Products and services

In collaboration with stakeholders, the ISO has introduced market products and services that help balance supply and demand and increase efficiency. The ISO wholesale energy market is comprised of distinct day-ahead and real-time processes. The market also offers services in which qualified entities can buy and sell congestion revenue rights and engage in convergence bidding activities.

Day-ahead market

The day-ahead market is made up of three market processes that run sequentially. First, the ISO runs a market power mitigation test. Second, the integrated forward market establishes the generation needed to meet forecast demand. And last, the residual unit commitment process designates additional power plants that will be needed for the next day and must be ready to generate electricity. Market prices set are based on bids.
 

A major component of the market is the full network model, which analyzes the active transmission and generation resources to find the least cost energy to serve demand. The model produces prices that show the cost of producing and delivering energy from individual nodes, or locations on the grid where transmission lines and generation interconnect. The day-ahead market opens for bids and schedules seven days before and closes the day prior to the trade date. Results are published at 1:00 p.m.

Real-time market

The real-time market is a spot market in which utilities can buy power to meet the last few increments of demand not covered in their day-ahead schedules. It is also the market that secures energy reserves, held ready and available for ISO use if needed, and the energy needed to regulate transmission line stability.

The market opens at 1:00 p.m. prior to the trading day and closes 75 minutes before the start of the trading hour. The results are published about 45 minutes prior to the start of the trading hour. The real-time market system dispatches power plants every 15 and 5 minutes, although under certain grid conditions the ISO can dispatch for a single 1-minute interval.

Ancillary services

Ancillary services are energy products used to help maintain grid stability and reliability. There are four types of ancillary services products: regulation up, regulation down, spinning reserve, and non-spinning reserve.

Regulation energy is used to control system frequency, which must be maintained very narrowly around 60 hertz, and varies as generators change their energy output. Resources providing regulation are certified by the ISO and must respond to automatic control signals to increase or decrease their operating levels depending upon the need.

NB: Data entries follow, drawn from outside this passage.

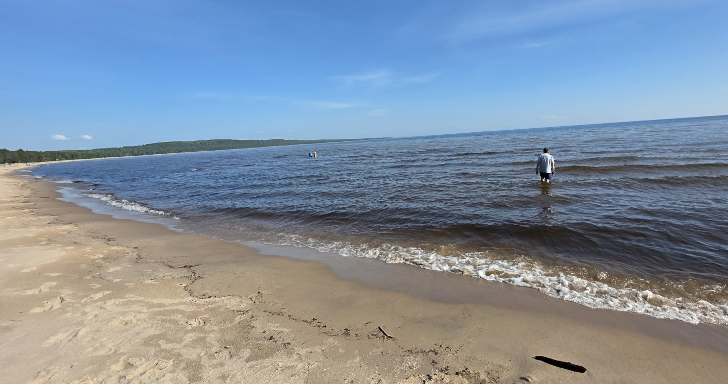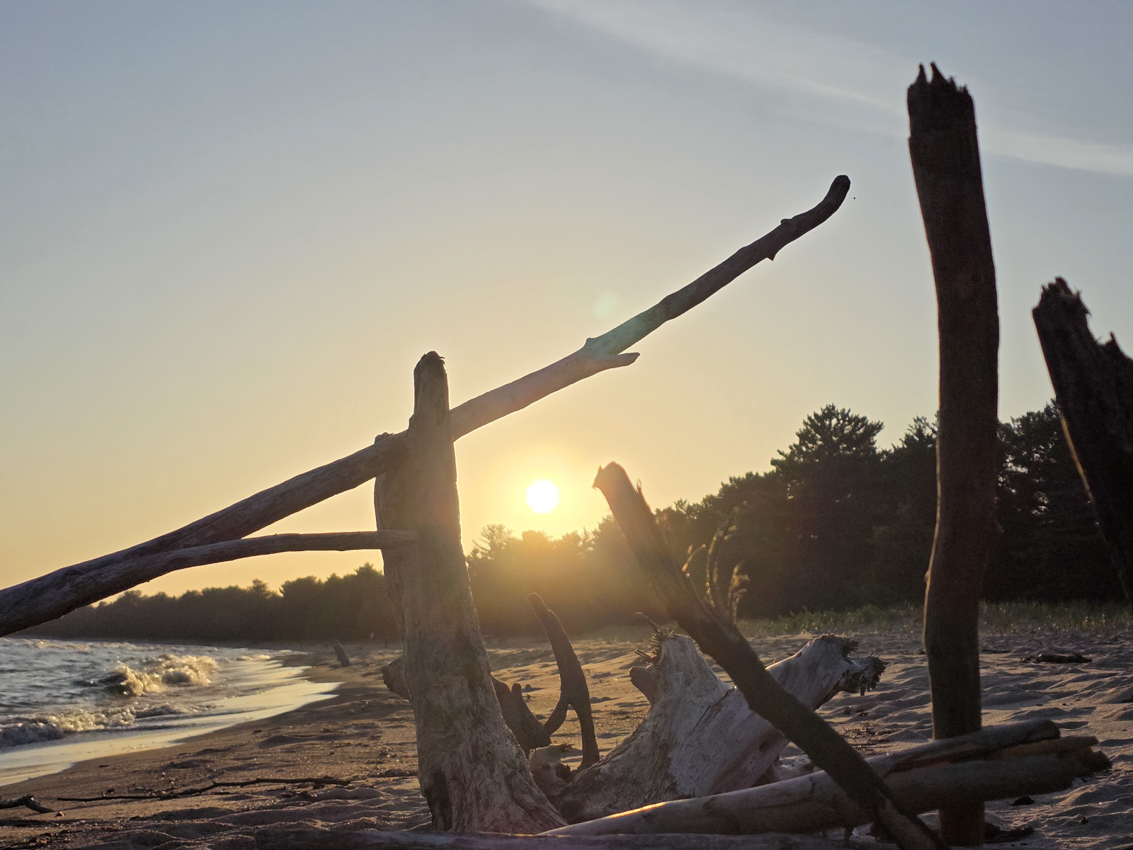 After Fort St. Joseph we carried on along the Trans Canada highway and found cheap diesel at an Esso station (Sharon gets a discount) in Sault Ste. Marie. We got diesel for $1.25/l and along the trip we saw it as high as $1.65/l. We did a bit of shopping in the Soo and then carried on to Pancake Bay PP where we had a beautiful campsite right across from the beach and Lake Superior. I had picked up some new water shoes in the Soo because we had forgotten to bring ours, so I had to check them out and go for a swim. The water was very calm, and it had been 34C in the Soo, so the water was much warmer than when we go swimming in Colpoys Bay at home. After we had dinner, we took a stroll on the beach and watched the sunset.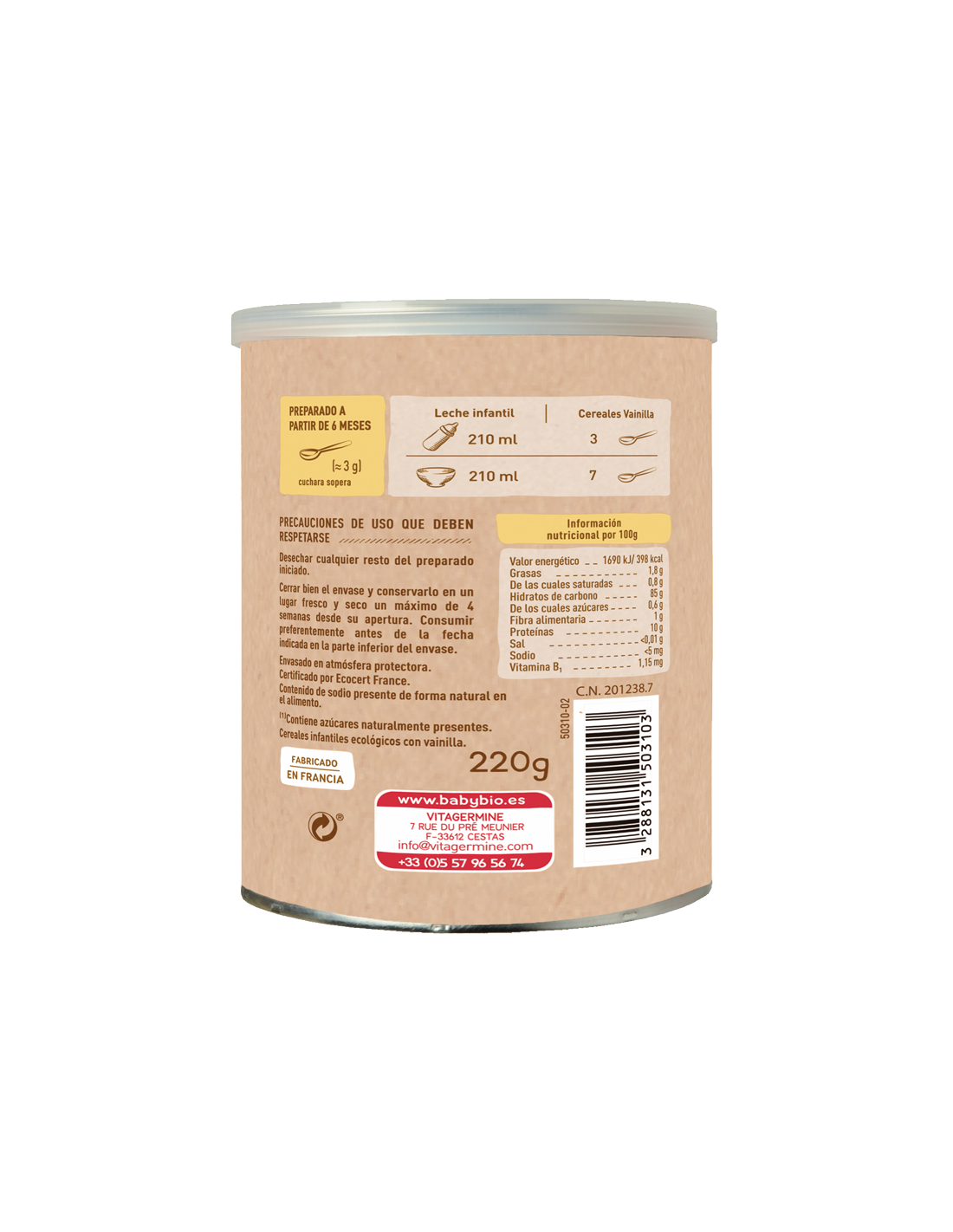 - Cereales infantiles ecológicos con vainilla. Fabricado en Francia.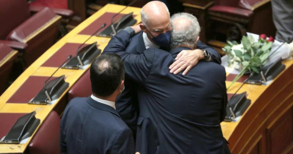 Ο πρόεδρος της Βουλής Κώστας Τασούλας, που άφησε ένα μπουκέτο λευκά λουλούδια στο σημείο όπου καθόταν η Φώφη Γεννηματά, με τα δυο του χέρια κρατούσε το πρόσωπο του Βασίλη Κεγκέρογλου του ΠΑΣΟΚ, ο οποίος ξέσπασε σε δάκρυα, αφού άφησε και αυτός λίγα λουλούδια στα έδρανα.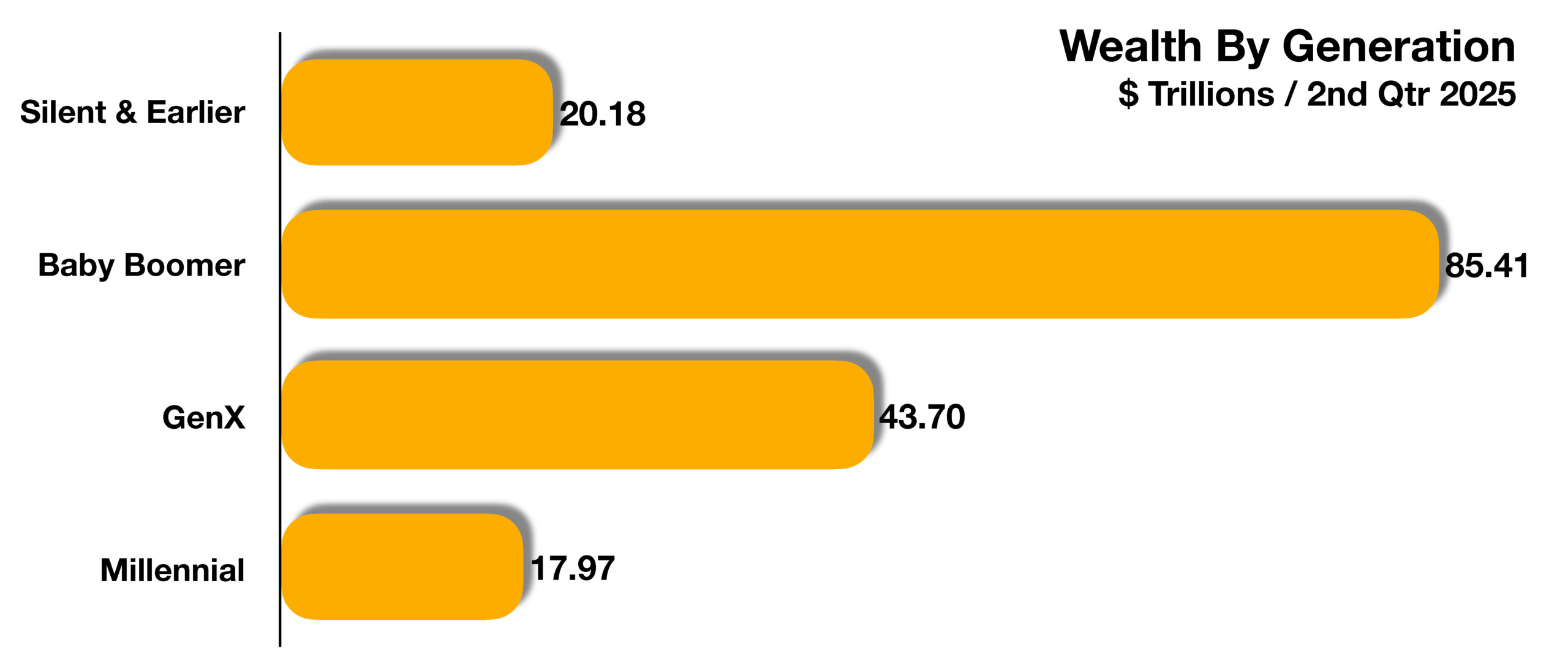 Baby boomers, those of us born between 1946 and 1964, currently hold the largest share of wealth in the U.S. stock market as compared to other age groups. As the biggest investors in stocks, there also comes some risks to the boomers. The median age of baby boomers is now over 60, not 36 when the internet bubble burst in 2000 or 43 in 2007 when the financial crisis began. Demographically, the boomers have more exposure now than in 2000 and 2007, because at age 60 boomers don’t have the time to make up significant market pullbacks as occurred in 2000 and 2008. With over 60% of their financial assets allocated to stocks, more boomers are reallocating some of their stock holdings to bonds in order alleviate risk exposure and market pullbacks. Total wealth held by baby boomers reached over $85 trillion in the 2nd quarter, which includes stocks, real estate and personal assets. Those born between 1928 and 1945 are known as the Silent generation, which have surpassed their earning years and are mostly spending their remaining wealth on retirement and health care. Millennials, born from 1981 to 1996 are known as more cautious investors, holding higher cash balances and maintaining relatively conservative portfolios compared to Gen X, yet gradually increasing their allocations to equities as their confidence grows and wealth accumulates.

Spinning reserve is standby capacity from generation units already connected or synchronized to the grid and that can deliver their energy in 10 minutes when dispatched. Non-spinning reserve is capacity that can be synchronized to the grid and ramped to a specified load within 10 minutes.

Learn how to become certified to provide ancillary services.

Congestion revenue rights (CRRs)

Congestion revenue rights (CRRs) are financial instruments used to offset congestion costs that occur in the day­-ahead market process. CRRs are made available through allocation, auction, and bi-lateral trades and are settled based on the marginal cost of congestion. A revenue rights obligation pays its holder when congestion is in the same direction as the obligation, and charges the holder if congestion is in the opposite direction.

Learn how to buy and sell congestion revenue rights and access CRR market reports.

Convergence (virtual) bidding

Market participants can buy or sell energy in the day-ahead market with the explicit requirement to buy or sell it back in the real-time market using convergence bidding. There is no requirement for such bids to be backed by physical assets. This type of bidding, also called virtual bidding, pressures prices in the day-ahead and real-time markets to move closer together, or converge, reducing incentives for buyers and sellers to wait to bid physical schedules in the real time market.

Learn how to register for convergence bidding.

RC West

The California ISO's RC West is the Reliability Coordinator (RC) of record for 42 balancing authorities and transmission operators in the western United States. An RC oversees grid compliance with federal and regional grid standards, and can determine measures to prevent or mitigate system emergencies in day-ahead or real-time operations. The RC also provides leadership in system restorations following major events.

Learn more about RC West's role in ensuring reliability throughout the West.

Keep up to date on all RC West Oversight activities.

Western Energy Imbalance Market (WEIM)

The WEIM is a real-time wholesale energy trading market that enables participants anywhere in the West to buy and sell energy when needed. WEIM has generated billions in gross benefits.

Learn more about WEIM and how to join. 

Extended Day-Ahead Market (EDAM)

Building on the demonstrated economic, reliability, and environmental benefits of the Western Energy Imbalance Market (WEIM), the EDAM will optimize the use of existing transmission and resources in the much larger day-ahead timeframe across an expanded Western footprint.